Lokasinya yang tidak begitu jauh dari pusat keramaian Jogja juga menjadi salah satu alasan. Maklum, saya ini paling males kalau disuruh pergi jauh-jauh hanya untuk cari makan. Paling hobi makan burjo di dekat tempat tinggal, hehe.

Nah, basis makanan yang disajikan di Makan Minum Flying Noodle ini sendiri sebenarnya adalah chinese food yang selalu enak untuk dimakan. Ada banyak menu makanan yang bisa dinikmati di sini. Tapi yang paling utama adalah flying noodle itu sendiri. Mie yang bisa terbang. Nggak percaya? Lihat aja sendiri.

flying noodle
sumpitnya nggak ada yang megangin, tapi bisa di atas gitu, kan bikin penasaran jadinya.

Tapi yang menjadi nilai minus bagi saya di sini adalah harganya yang relatif mahal. Kurang lebih, untuk satu porsi kita harus merogoh kocek antara 15.000 sampai 20.000. Orang lain akan bilang itu murah, tapi saya kasih bocoran: harga segitu mahal untuk ukuran Jogja. Yakin deh. Percaya sama saya.

Hanya saja, sensasi dan pengalaman unik yang ada di warung makan ini menjadi sebuah nilai plus yang membuat saya cukup puas makan di sini. Meskipun, yah… saya cukup yakin untuk bilang bahwa saya tidak akan setiap hari makan di sini, hehe.

Maklum mantan anak kos, rasanya aneh kalau makan yang mahal-mahal.
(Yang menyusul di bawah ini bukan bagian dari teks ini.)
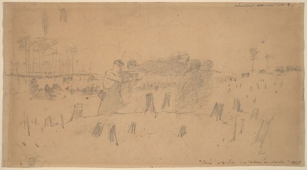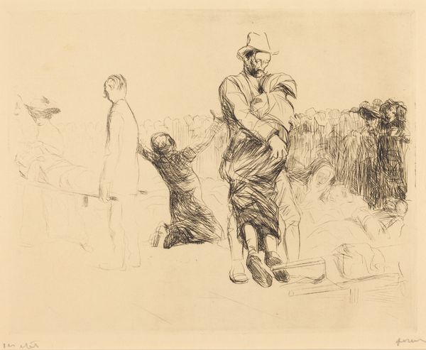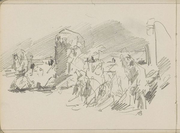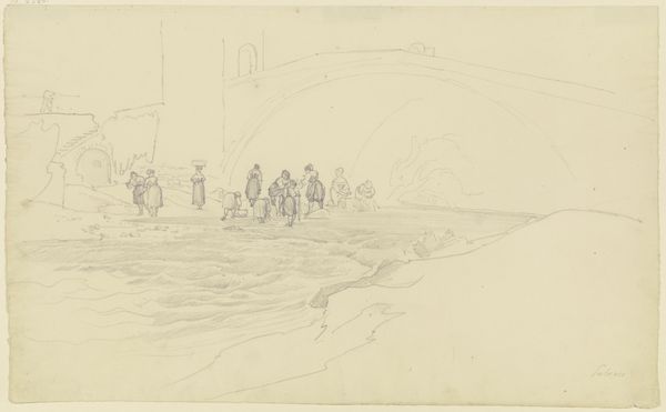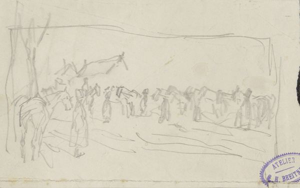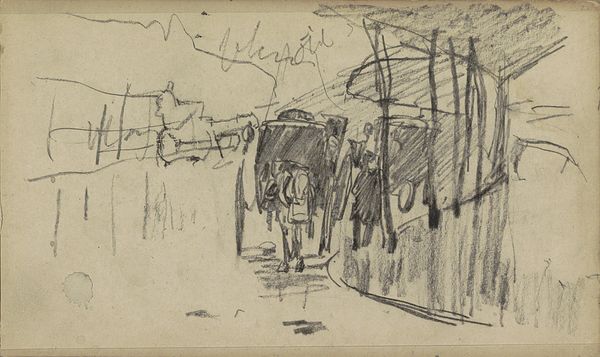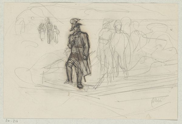 Editor: Here we have Jakob Nussbaum’s "Street in Laon," created in 1916 with pencil on paper. It's striking how economical the lines are, yet they convincingly convey a sense of place and human presence. What do you see in this piece that might elude a casual observer? Curator: The formal structure of this work commands immediate attention. Consider how the artist employs a limited tonal range, focusing instead on line and form. The composition is almost divided, with a discernible foreground and background, achieved through the varying pressure of the pencil strokes. The figures in the foreground are rendered with darker, more defined lines, drawing the eye. How does that initial placement influence your subsequent interpretation? Editor: I notice the figures leaning on the railing, gazing out. There is some narrative at play but the subjects of that narrative remain indistinct due to the simplicity of the representation. Curator: Indeed. Observe how the receding lines of the road create a visual pathway, inviting the viewer's eye to traverse the space. Note that the perspective is subtly skewed, destabilizing the expected order. Is this perhaps Nussbaum emphasizing the chaos and uncertainty inherent to this period in the 20th century, considering it was created during wartime? Editor: The subtle skew is intriguing! Focusing on form, it does add a layer of tension that might not be obvious at first glance, but impacts the work’s tone once observed. I am wondering if Expressionism and its core aspects play an essential role. Curator: Yes, let us consider Expressionism's engagement with internal psychological states manifested outwardly. However, my claim would focus on how Nussbaum uses the visual language—line, form, composition—to suggest the emotional climate. That, after all, is where the expressive potential resides. The artwork here, as pure structure, stands alone in its effectiveness and impact. Editor: I appreciate how you’ve highlighted the formal elements as primary drivers of meaning, revealing a depth I initially missed. Thank you. Curator: My pleasure. It underscores how formal analysis enriches our comprehension, irrespective of historical or cultural contexts.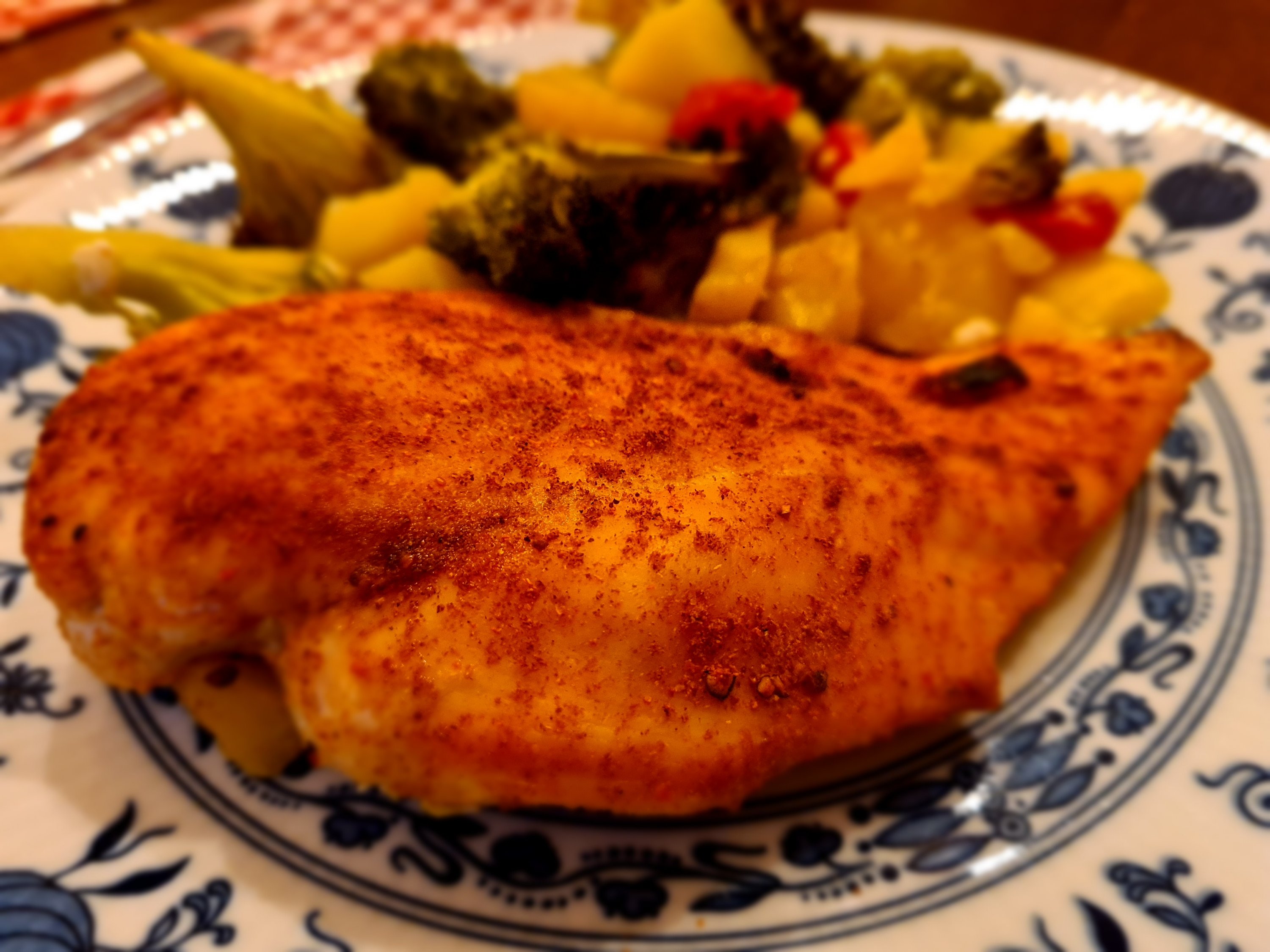 Im vorgeheizten Backofen bei 200 Grad ca. 30- 40 min garen, so daß die Hähnchenbrustfilet gar sind, oder vorher anbraten, dann geht es schneller…

Angkringan dan burjo tetap jadi yang utama bagi saya, hehe.

Oke deh, saya coba perlihatkan kondisi di dalam warung yang menurut saya sangat nyeni ini kepada kawan-kawan semua. Yang jelas, saya harus bilang ini: coba makan di sini bro!

Warung Makan Minum Flying Noodle
Dindingnya dipenuhi lukisan mural yang memanjakan mata. Saya suka dinding yang warna-warni gini. Oh iya, abaikan poto mbak-mbaknya yang blur itu. Mereka curiga banget sama saya, dikira saya motoin mereka. Mentang-mentang jomblo ya gini.
Warung Makan Minum Flying Noodle Jogjakarta
Sayangnya atapnya pake galvalum, jadi kalau siang ya panasnya minta ampun. Bikin saya berharap ada mbak-mbak yang khilaf terus lepas baju saking panasnya.
Warung Makan Minum Flying Noodle Jogjakarta
Pemandangan dari pintu. Sambutan yang meriah, isn’t it?
Rahasia Flying Noodle Jogjakarta
Ini lho rahasia dibalik mie yang bisa terbang. Keajaiban wortel dan lobak. Sebenarnya pengen saya makan, tapi kayaknya mentah.